Your answer must be only the lines below from the one containing "36 - page 1 |" through the one containing "Green Cast Iron", copied exactly, with the pictures left out.

=== Provided material ===
===============
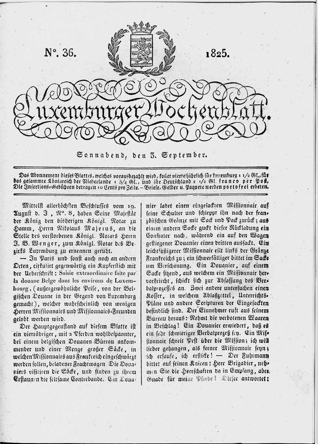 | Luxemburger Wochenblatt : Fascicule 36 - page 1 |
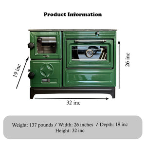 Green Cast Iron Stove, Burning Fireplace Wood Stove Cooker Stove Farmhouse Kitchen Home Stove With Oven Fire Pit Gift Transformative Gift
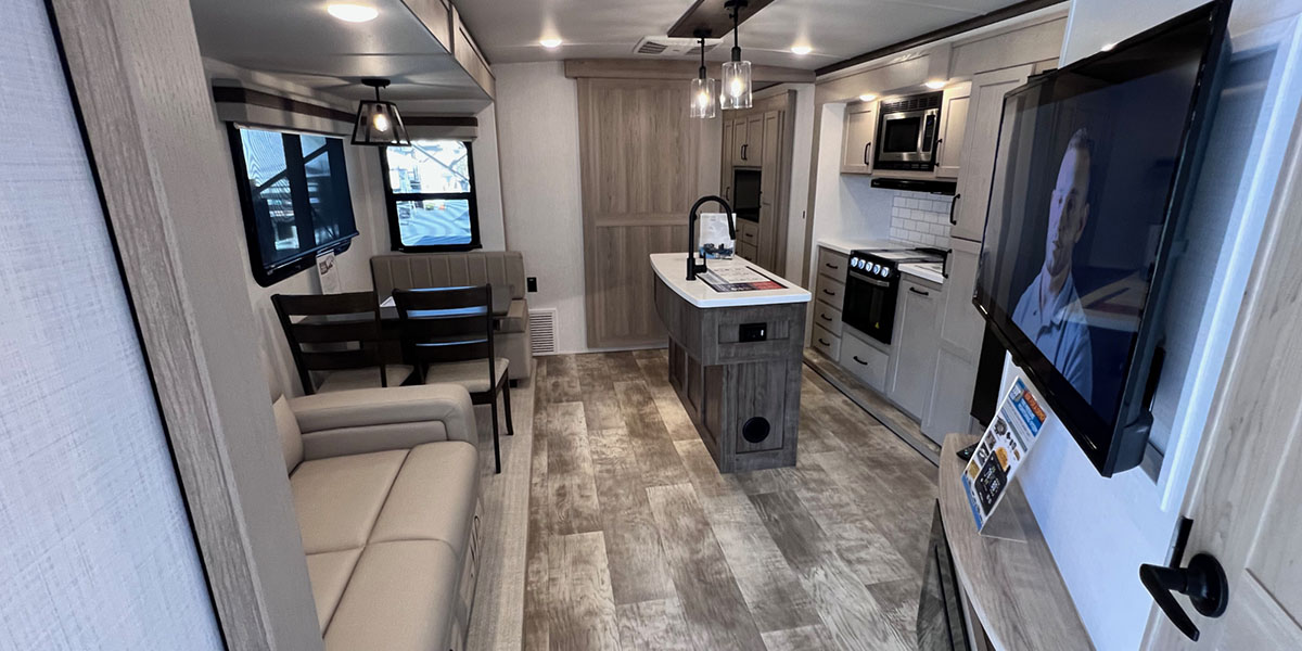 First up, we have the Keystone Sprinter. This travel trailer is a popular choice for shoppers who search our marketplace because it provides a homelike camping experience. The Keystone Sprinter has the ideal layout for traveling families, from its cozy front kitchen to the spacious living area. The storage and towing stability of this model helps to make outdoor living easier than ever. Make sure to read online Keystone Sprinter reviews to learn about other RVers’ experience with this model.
===============
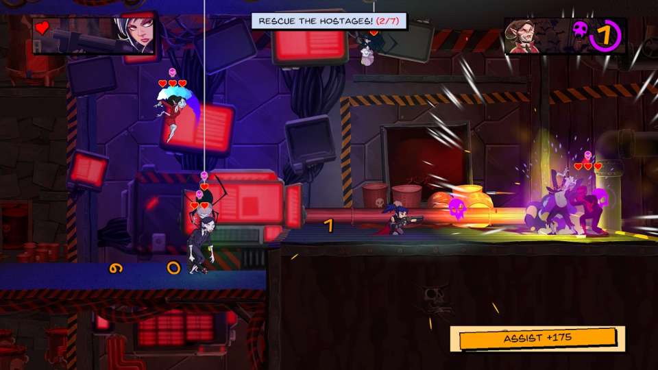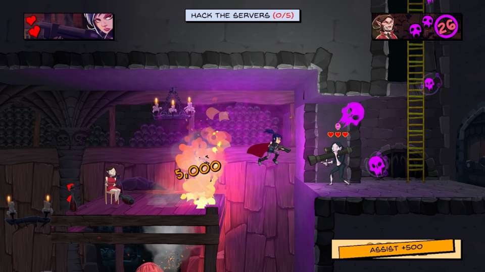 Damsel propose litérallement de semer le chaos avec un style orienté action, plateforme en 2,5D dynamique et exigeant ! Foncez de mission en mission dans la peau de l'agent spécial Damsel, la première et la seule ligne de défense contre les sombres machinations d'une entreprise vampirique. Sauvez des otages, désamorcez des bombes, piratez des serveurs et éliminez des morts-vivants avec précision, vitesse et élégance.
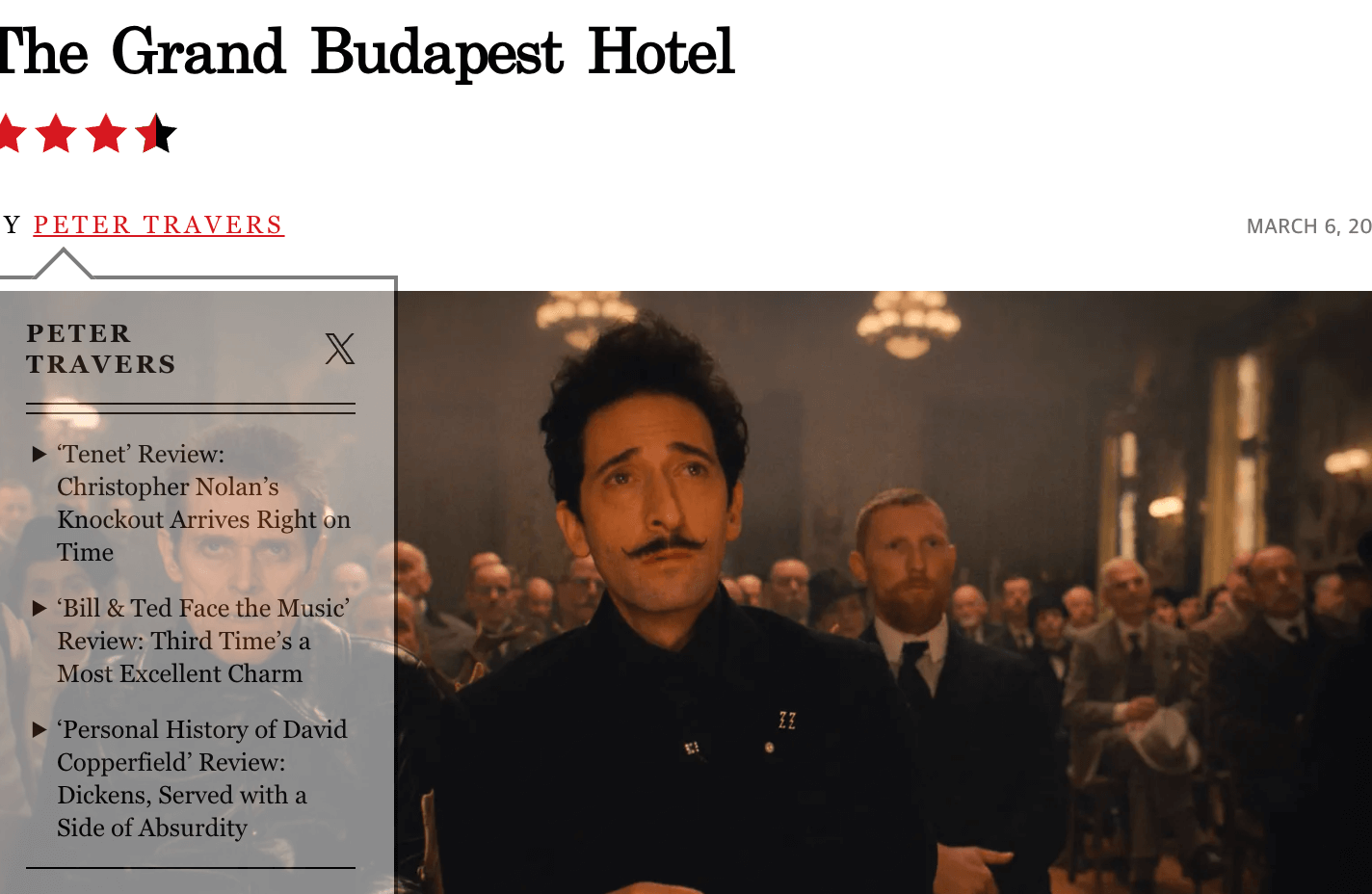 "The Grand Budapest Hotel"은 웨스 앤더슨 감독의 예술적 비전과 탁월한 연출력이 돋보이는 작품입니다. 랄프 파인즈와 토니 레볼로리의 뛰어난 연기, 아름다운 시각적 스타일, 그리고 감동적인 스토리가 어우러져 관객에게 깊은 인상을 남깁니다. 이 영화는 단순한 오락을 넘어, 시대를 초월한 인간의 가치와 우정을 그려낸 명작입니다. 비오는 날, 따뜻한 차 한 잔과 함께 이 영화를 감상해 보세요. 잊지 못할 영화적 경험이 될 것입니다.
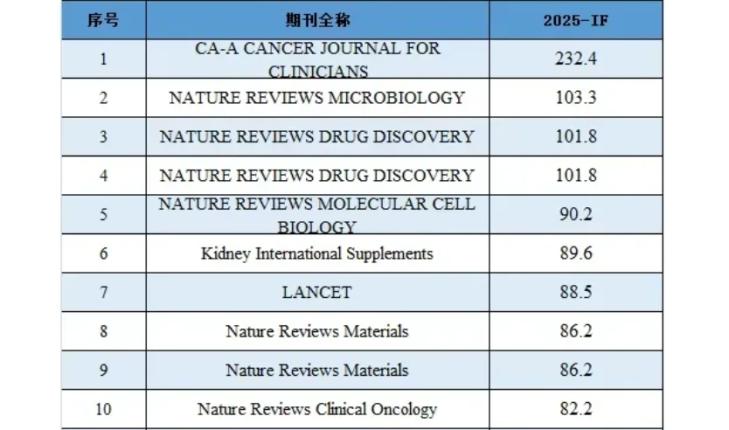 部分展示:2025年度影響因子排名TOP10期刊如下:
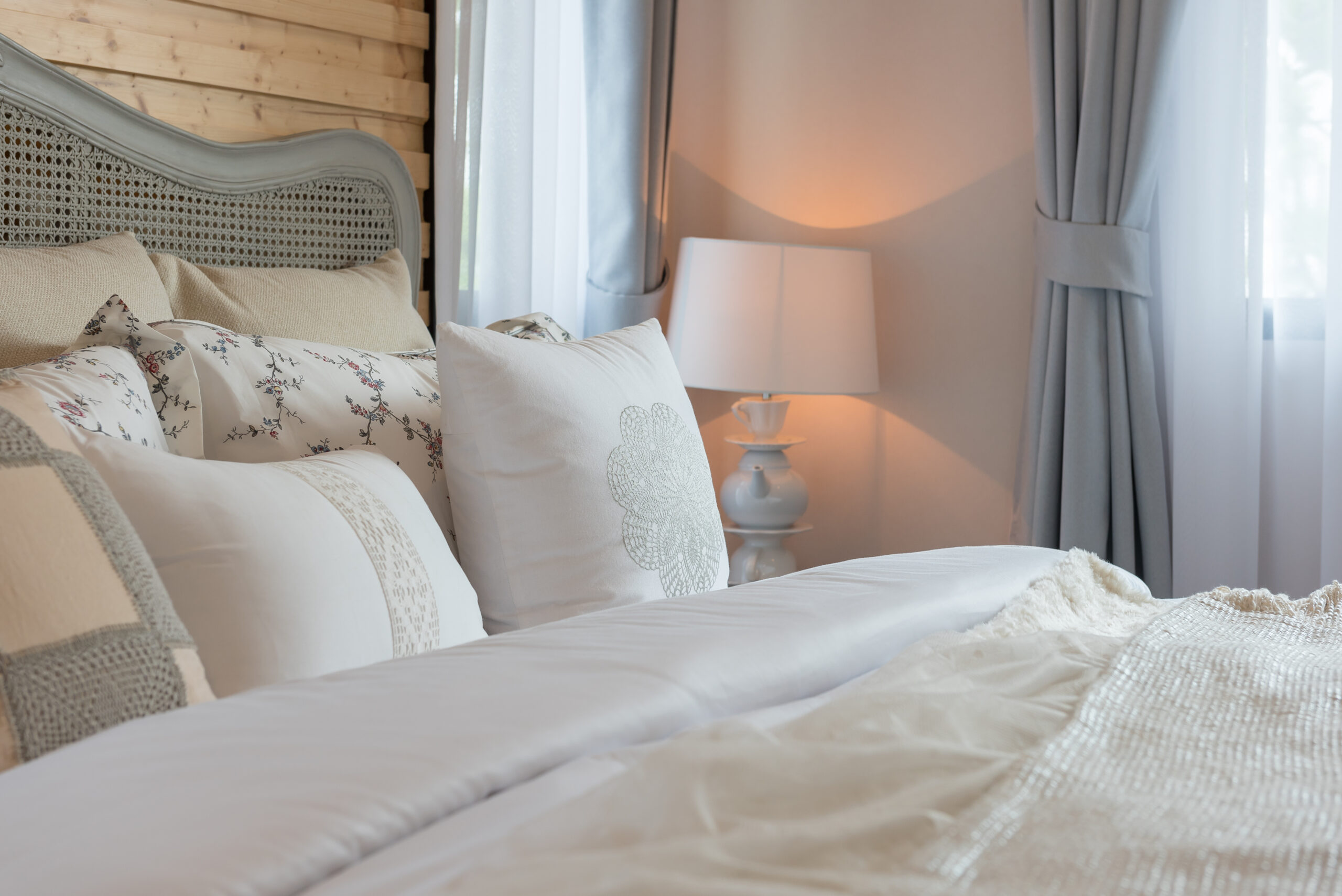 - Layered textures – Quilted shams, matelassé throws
===============
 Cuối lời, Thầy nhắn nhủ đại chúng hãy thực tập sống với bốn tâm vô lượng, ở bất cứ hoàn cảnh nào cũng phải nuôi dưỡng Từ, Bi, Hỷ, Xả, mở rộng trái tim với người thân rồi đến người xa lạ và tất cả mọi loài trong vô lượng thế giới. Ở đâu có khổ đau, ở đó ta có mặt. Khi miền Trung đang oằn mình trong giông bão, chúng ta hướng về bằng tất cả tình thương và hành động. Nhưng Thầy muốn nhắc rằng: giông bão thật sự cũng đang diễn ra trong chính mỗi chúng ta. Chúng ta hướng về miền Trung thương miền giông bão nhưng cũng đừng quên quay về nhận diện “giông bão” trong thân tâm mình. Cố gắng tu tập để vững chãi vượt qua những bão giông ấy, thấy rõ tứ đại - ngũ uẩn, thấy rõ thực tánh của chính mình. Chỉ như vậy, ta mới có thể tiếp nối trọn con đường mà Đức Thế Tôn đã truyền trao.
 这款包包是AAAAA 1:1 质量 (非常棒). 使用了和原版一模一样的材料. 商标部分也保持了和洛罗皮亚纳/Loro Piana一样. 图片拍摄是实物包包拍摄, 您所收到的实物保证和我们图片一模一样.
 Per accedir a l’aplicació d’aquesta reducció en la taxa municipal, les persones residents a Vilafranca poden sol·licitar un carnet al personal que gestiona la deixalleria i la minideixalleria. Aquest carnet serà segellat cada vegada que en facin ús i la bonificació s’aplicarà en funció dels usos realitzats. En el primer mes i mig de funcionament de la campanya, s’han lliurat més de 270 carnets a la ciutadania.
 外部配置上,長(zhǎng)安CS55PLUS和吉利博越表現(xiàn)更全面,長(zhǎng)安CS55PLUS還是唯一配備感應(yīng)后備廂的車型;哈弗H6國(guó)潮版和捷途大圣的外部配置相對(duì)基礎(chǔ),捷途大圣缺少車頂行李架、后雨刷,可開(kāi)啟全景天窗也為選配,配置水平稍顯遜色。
===============
=== Response ===
 | Luxemburger Wochenblatt : Fascicule 36 - page 1 |
 Green Cast Iron Stove, Burning Fireplace Wood Stove Cooker Stove Farmhouse Kitchen Home Stove With Oven Fire Pit Gift Transformative Gift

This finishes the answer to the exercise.